# Tablefare



## massmanute (Apr 23, 2012)

Which of the "other kinds of animals" in Utah provide good tablefare?


----------



## mikevanwilder (Nov 11, 2008)

Bear!


----------



## wyogoob (Sep 7, 2007)

mountain lion


----------



## 35whelen (Jul 3, 2012)

rabbit, raccoon.


----------



## burge (Sep 11, 2007)

Squirrel


----------



## Mr Muleskinner (Feb 14, 2012)

My vote is for bear as well. Love it.


----------



## HighNDry (Dec 26, 2007)

I know they eat muskrat down Louisiana way. I think it's called swamp rabbit. I know some people eat jack rabbit.


----------



## wyogoob (Sep 7, 2007)

HighNDry said:


> I know they eat muskrat down Louisiana way. I think it's called swamp rabbit. I know some people eat jack rabbit.


A swamp rabbit is a type of cottontail rabbit.

Muskrat is as good, or as bad, depending on how you look at it, as a ****. I had a friend that worked construction in the spring/summer and hunted and trapped in the fall/winter. He ate a lot of muskrat during the trapping season; only ate the backs. I would help him, and often. Those were the days.

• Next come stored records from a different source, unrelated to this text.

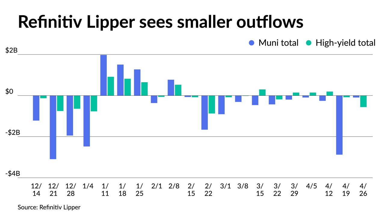 Outflows from municipal bond mutual funds receded as Refinitiv Lipper reported $92.055 million was pulled from them as of Wednesday after $2.876 billion of outflows the week prior.
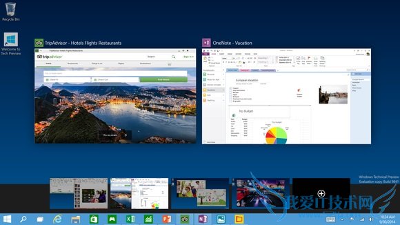Windows 10的多任务视图允许你在多个虚拟屏幕上安排多个软件,除了你正在运行的程序之外都隐藏在该程序下面。
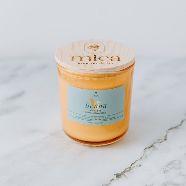 Descubre la vela aromática Bennu, una edición limitada inspirada en el mito del renacer. Con notas altas de azafrán y jazmín, corazón de madera de ámbar y un fondo cálido de resina de cedro y almizcle.
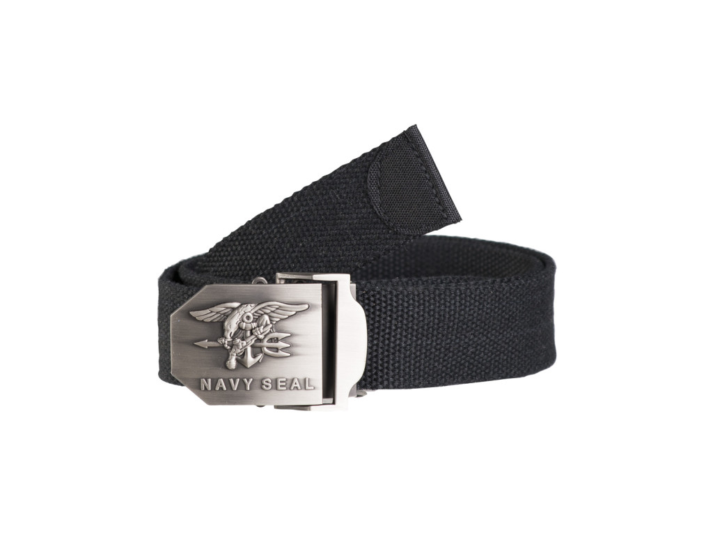Opasek s kovovou sponou s vyraženým znakem NAVY SEAL černý
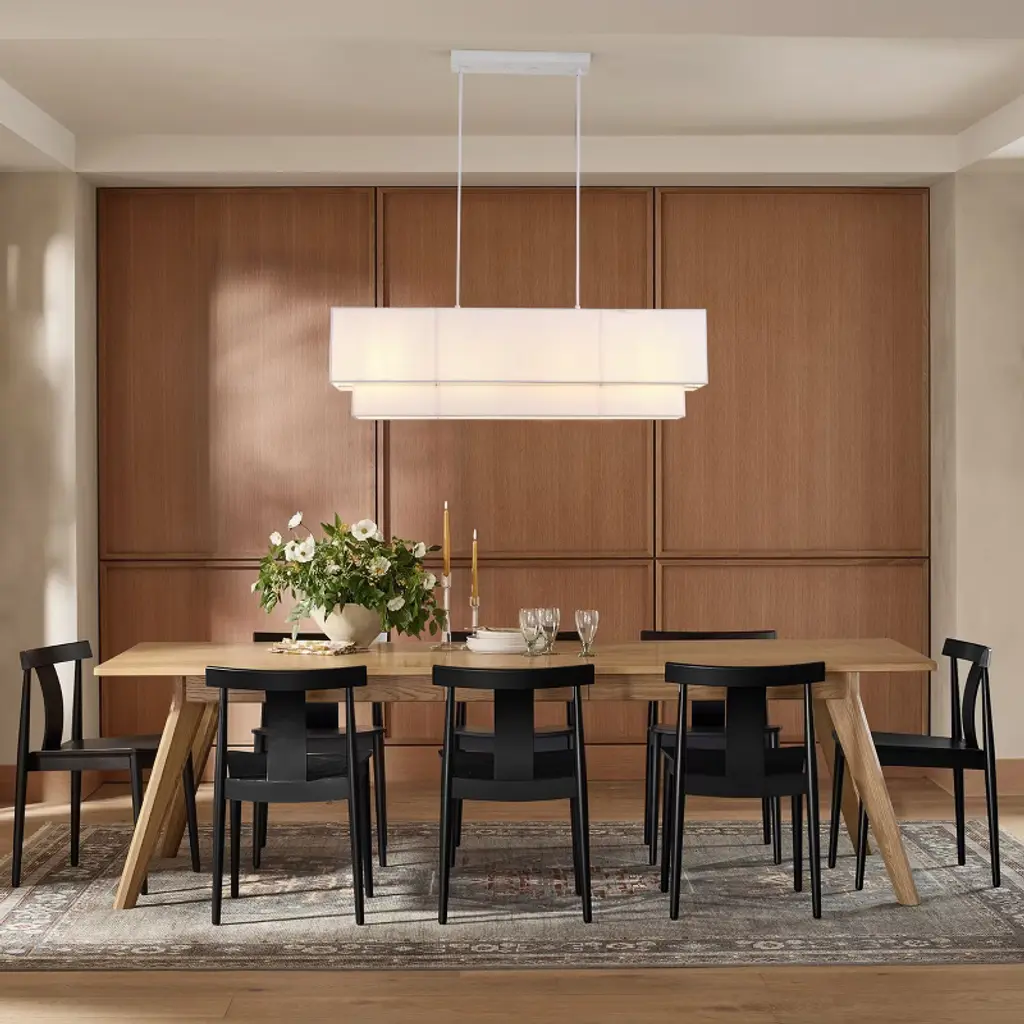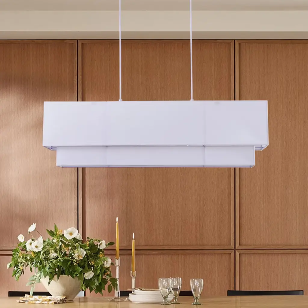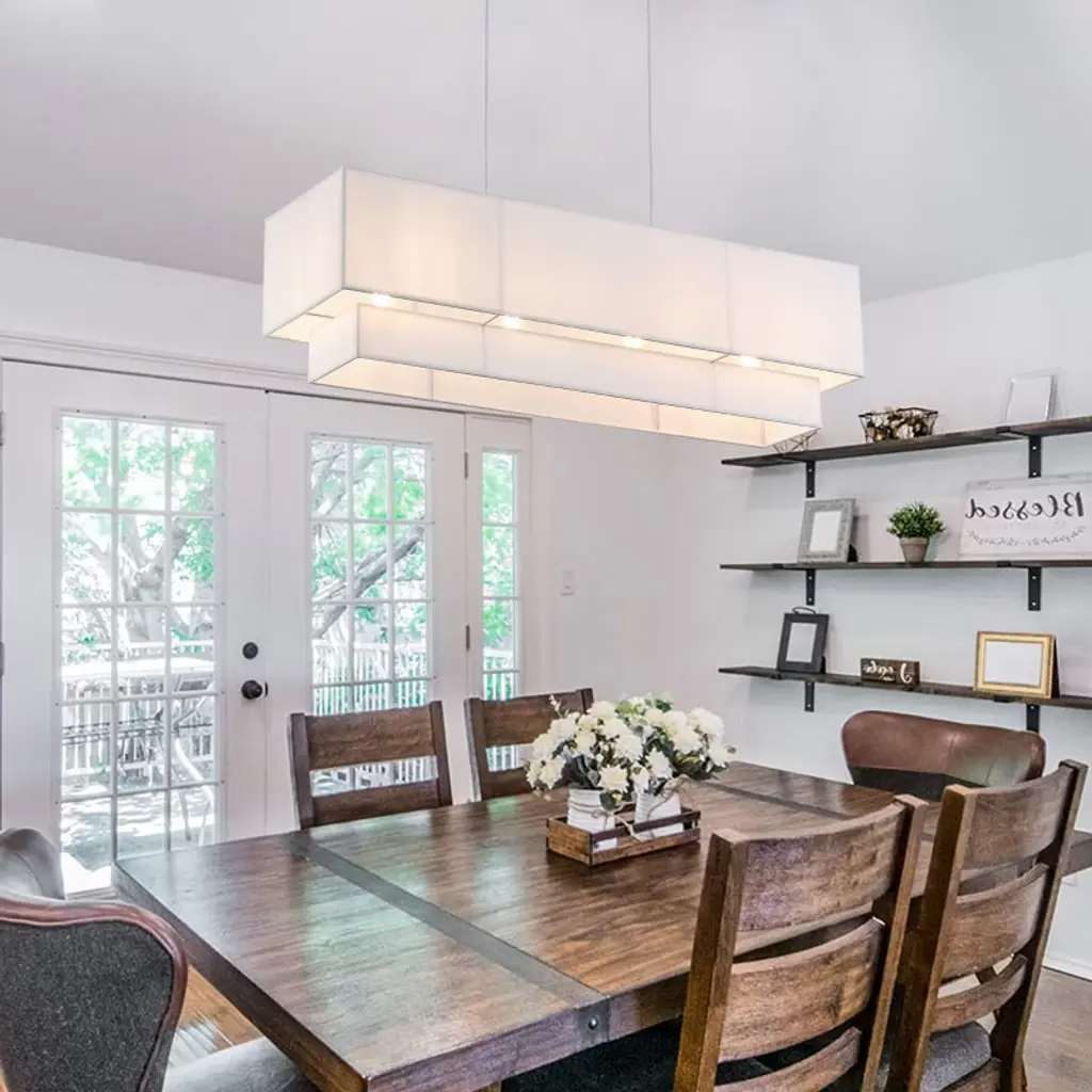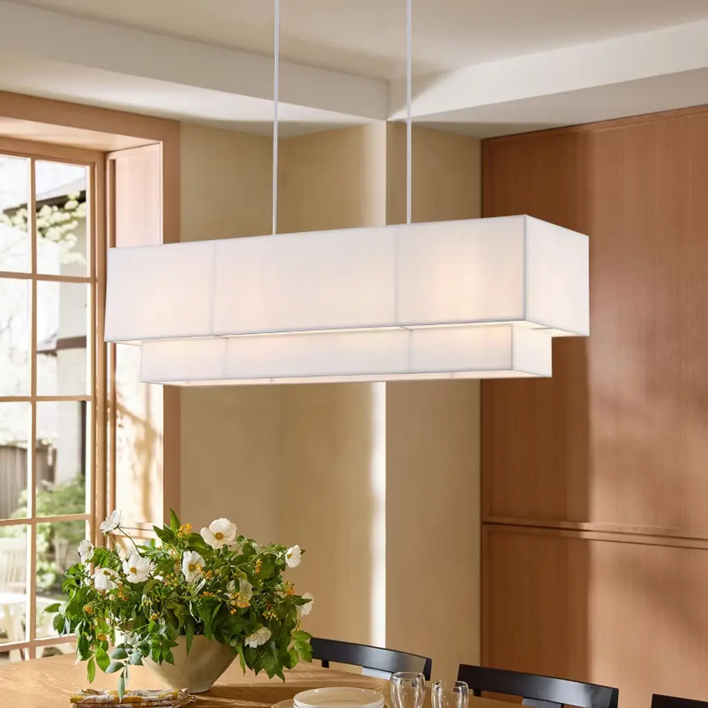 Bring a touch of modern elegance to your home with this rectangular 4-light pendant. Featuring an iron frame with matte white painted finish and a layered off-white fabric shade, it delivers a soft, ambient glow that complements any d¨¦cor. The fixture uses four E26 bulbs (120V, max 12W each) and is ETL certified for safety. With its adjustable suspension and durable SVT three-core wiring, this pendant light is ideal for kitchens, dining rooms, or living areas, adding both style and reliable illumination.

An #1 (XL) muskrat went for $10 - $11.

Muskrats eat a lot of cattail roots, probably a better diet than raccoons as far as their taste goes.


----------



## cornerfinder (Dec 4, 2008)

I recommend eating beaver :O•-:


----------



## MadHunter (Nov 17, 2009)

cornerfinder said:


> I recommend eating beaver :O•-:


Just make sure it's not dry. o-||


----------



## massmanute (Apr 23, 2012)

Anyone try jackalope?


----------



## Dunkem (May 8, 2012)

MadHunter said:


> cornerfinder said:
> 
> 
> > I recommend eating beaver :O•-:
> ...


Or not to old,gets a musky taste then _(O)_


----------